▶ _Data below_:
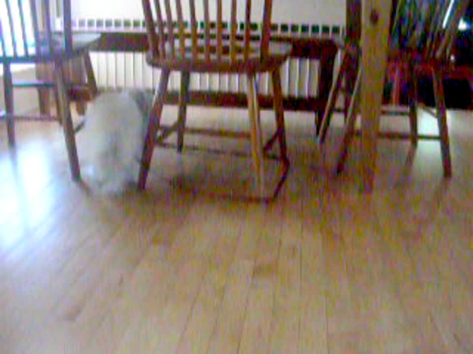 White dog chases leash around chair. Cute!
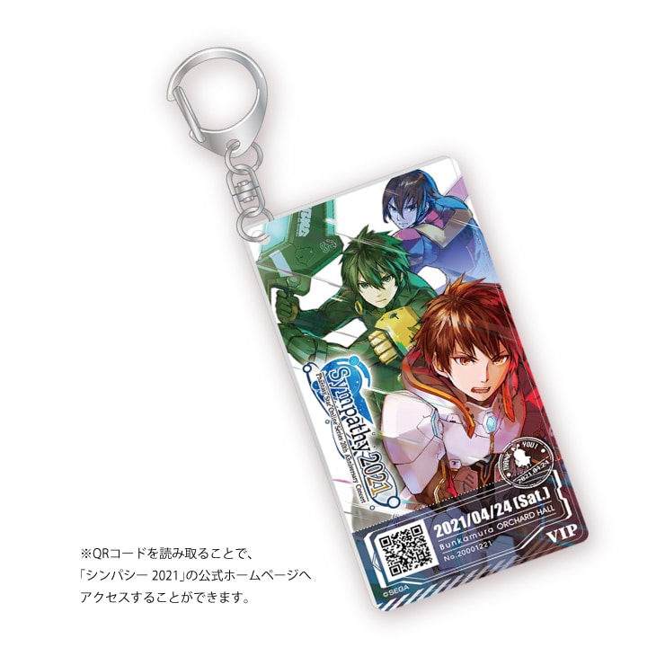 「シンパシー2021」のVIPチケットをイメージして『PSO』20周年イラストをあしらったアクリルプレートキーホルダーができました。公演鑑賞の際は、このキーホルダーをぜひお手元に置いてくださいね!鑑賞確認のスタンプは先に押しておきました。
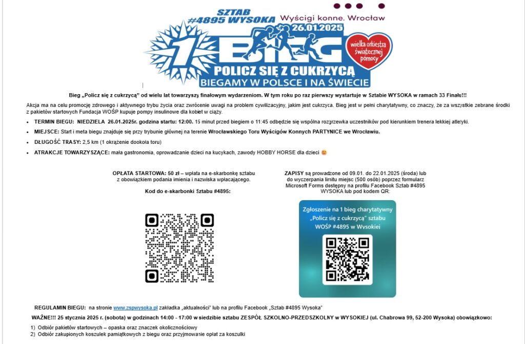 Bieg charytatywny “Policz się z cukrzycą” to wydarzenie, które łączy aktywność fizyczną z niesieniem pomocy. Każdy zakupiony pakiet startowy to realne wsparcie dla Wielkiej Orkiestry Świątecznej Pomocy, która od lat pomaga osobom potrzebującym, finansując specjalistyczny sprzęt medyczny.
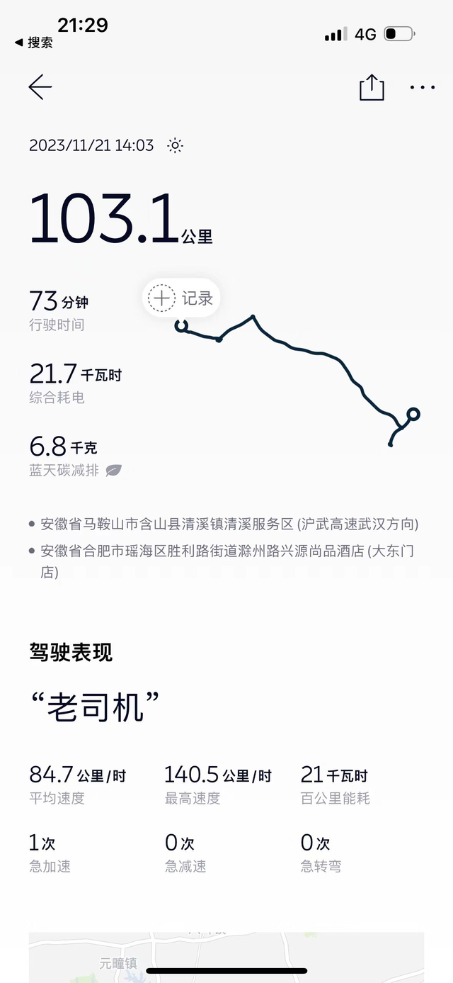 这是一整段400公里多点的路程能耗 从湖州太湖服务区,前往安徽合肥,本身是打算在太湖服务区换完电之后直达合肥的。奈何中途开错了路,导致路程多了好几十公里。只能选择在清溪服务区进行一次换电。 结果从清溪服务区出来又开错了一次,还好只多了大概20公里不到。 导致本身3个半小时的路程,最后开了4个多小时。 全程基本都是空调20-21度,QQ音乐,座椅按摩。 哪怕我们在前往清溪换电站已经是0%的电,过程中我们也都没有开启节能模式。 当然啦,这电耗肯定不算什么。不过自己开的还是挺舒服的。

▶ _Task statement_: Would you restate all of the data above word for word, omitting the pictures?

▶ _Answer to this task_:
 White dog chases leash around chair. Cute!
 「シンパシー2021」のVIPチケットをイメージして『PSO』20周年イラストをあしらったアクリルプレートキーホルダーができました。公演鑑賞の際は、このキーホルダーをぜひお手元に置いてくださいね!鑑賞確認のスタンプは先に押しておきました。
 Bieg charytatywny “Policz się z cukrzycą” to wydarzenie, które łączy aktywność fizyczną z niesieniem pomocy. Każdy zakupiony pakiet startowy to realne wsparcie dla Wielkiej Orkiestry Świątecznej Pomocy, która od lat pomaga osobom potrzebującym, finansując specjalistyczny sprzęt medyczny.
 这是一整段400公里多点的路程能耗 从湖州太湖服务区,前往安徽合肥,本身是打算在太湖服务区换完电之后直达合肥的。奈何中途开错了路,导致路程多了好几十公里。只能选择在清溪服务区进行一次换电。 结果从清溪服务区出来又开错了一次,还好只多了大概20公里不到。 导致本身3个半小时的路程,最后开了4个多小时。 全程基本都是空调20-21度,QQ音乐,座椅按摩。 哪怕我们在前往清溪换电站已经是0%的电,过程中我们也都没有开启节能模式。 当然啦,这电耗肯定不算什么。不过自己开的还是挺舒服的。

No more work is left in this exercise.